Reports: DNI952332-DNI9: Multi-Scale Hydrodynamics of Bubble-Particle Interaction
Sunghwan Jung, Virginia Polytechnic Institute and State University
Bubble-solid interactions play
important roles in understanding multiphase flows occurring in many industrial
processes like petroleum purification processes. In this second year of the ACS
award, we have studied various situations of bubble interacting with solids
through an integrated experimental and theoretical approach;
Hydrodynamic interactions of drops
and bubbles with particles in viscous fluids are important in oil purification
or separation processes. In this present work, we explore the fundamental
mechanism of such complex processes by studying the collision of a single
bubble with a fixed solid particle inside a Hele-Shaw
cell.
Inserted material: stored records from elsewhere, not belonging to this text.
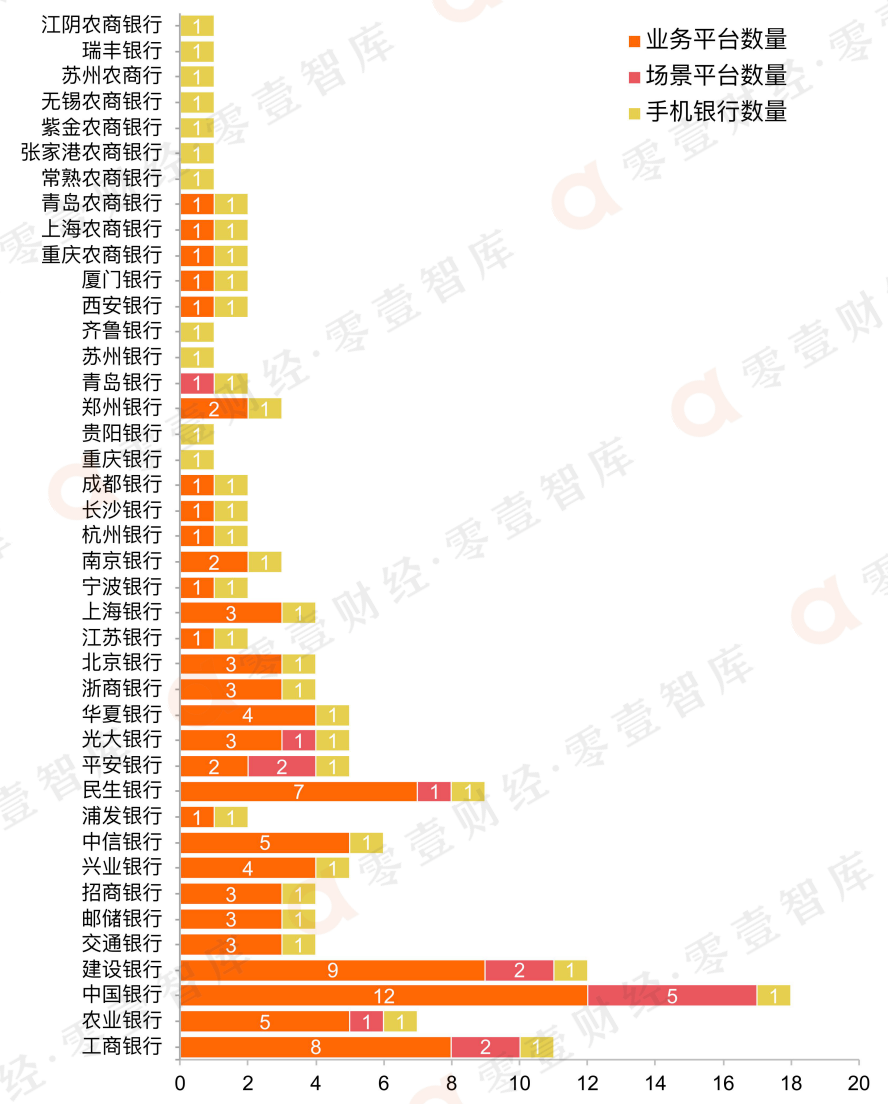 從結構來看,銀行App矩陣基本由手機銀行、業務平臺和場景平臺3個部分組成。其中,7家銀行(4家國有大行、3家全國性股份行)開發的App涵蓋手機銀行、業務平臺和場景平臺3種類型,22家(2家國有大行、5家全國性股份行、12家城商行、3家農商行)銀行開發的App涵蓋手機銀行、業務平臺2種類型,1家銀行(青島銀行)開發的App涵蓋手機銀行、場景平臺2種類型,11家銀行(4家城商行、7家農商行)開發的App涵蓋手機銀行1種類型。
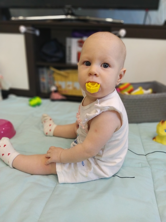 ✏️ Купаться пробовали в стульчике, не получилось, ноги плохо запихиваются, дочь и я истерим. Сидит просто на дне ванной, жуёт игрушки.
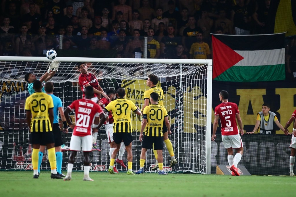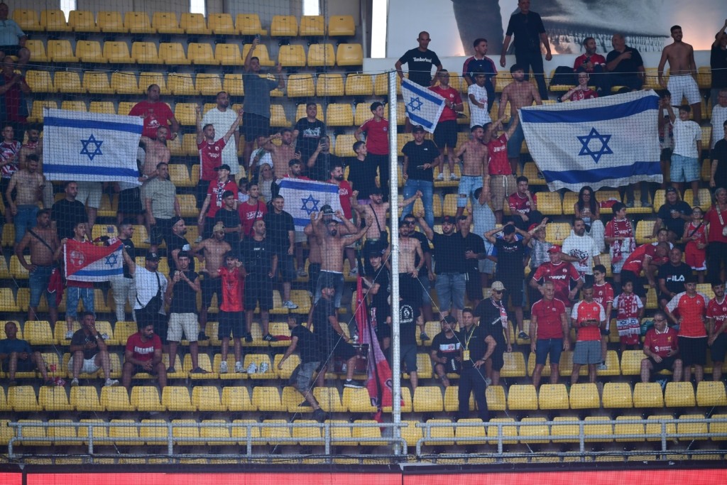 Από την άλλη πλευρά, οι περίπου 150 οπαδοί της Χάποελ Μπερ Σεβά ύψωσαν ισραηλινές σημαίες στην κερκίδα των φιλοξενούμενων, προκαλώντας έντονες αποδοκιμασίες από τους οπαδούς της ΑΕΚ.
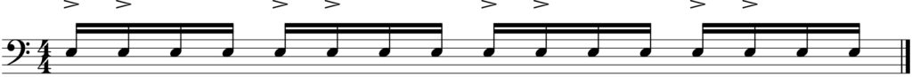 ゆっくりなテンポであれば強く叩いてアクセントを表現することも可能ですが、テンポが速くなると厳しい。なので、発想を逆転してみます。
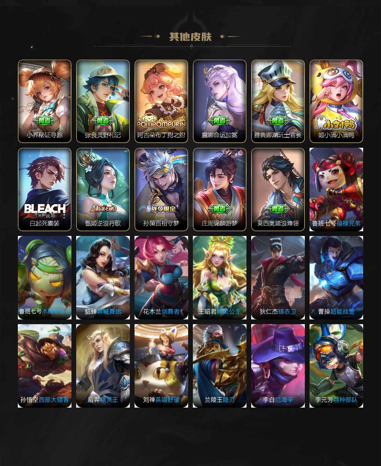 娜可露露晚萤,伽罗箭羽风息,李元芳逐浪之夏,公孙离无限星赏官,孙策猫狗日记,阿轲节奏热浪,露娜紫霞仙子,王昭君偶像歌手,孙尚香时之恋人,雅典娜冰冠公主,吕布末日机甲,鲁班七号电玩小子,墨子龙骑士,刘禅绅士熊喵,刘禅天才门将,白起星夜王子,安琪拉时之奇旅,兰陵王暗隐猎兽者,宫本武藏鬼剑武藏,亚瑟心灵战警,花木兰水晶猎龙者,铠曙光守护者,墨子金属风暴,百里玄策原初追逐者,百里守约特工魅影,嫦娥拒霜思,李白千年之狐,澜赏金猎手,艾琳奇遇舞章,貂蝉唤灵魅影,上官婉儿群星魔术团,海诺心动手记,李白谪仙醉月
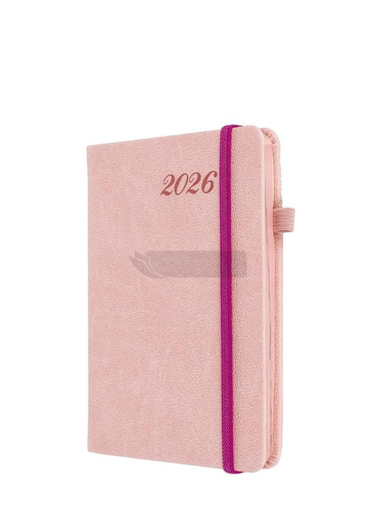 blok: 110x150 mm, 168 stron, papier 64g/m2 kremowy, druk 2 kolory, blok kalendarza szyty nićmi, zaokrąglone rogi, tasiemka

We published the results of a
combined experimental and theoretical investigation of the capillary
instability along an elastic helical thread bound within a fluid. Surface
energy interacts with flexible bodies through inducing elastic deformation. In
this study, we designed a scale-up experiment to produce an elastic helix that
is sufficiently flexible to deform under the influence of surface tension. The
flexible coil interacts with the fluid column, and stretches or compresses in
response to capillary forces. Our theoretical model results from the
minimization of both surface and elastic energies. Theoretical prediction shows
the most unstable wavelength can be substantially
increased by the influence of the helical coil, which is in a good agreement
with experimental measurements. In
this study, we investigate the dynamics of a solid particle moving from liquid
to air through a liquid-air interface. The experimental setup consists of an
air-piston system that shoots a solid particle into water towards the free
surface from below. Experimental results indicate that the particle either
penetrates or bounces back depending on the particle size, impact speed, and
surface tension. In particular, the particle needs to overcome the resistive
interfacial forces in order to penetrate through the liquid-air interface. This
transition from bouncing to penetration regimes is captured theoretically by
conducting a simple force balance and is further compared with experiments. In this second year of the project,
we have performed both experimental and computational approaches for
bubble-particle dynamics. This ACS PRF helped us to understand the fundamental
multiphase dynamics in fluid interfaces. In the following year, we will further
focus on the computational work for further understanding our experimental
observations. This award supported one graduate student and one undergraduate
to conduct research. Also, the PI and students attended national meetings and
conferences to disseminate our results to scientific communities.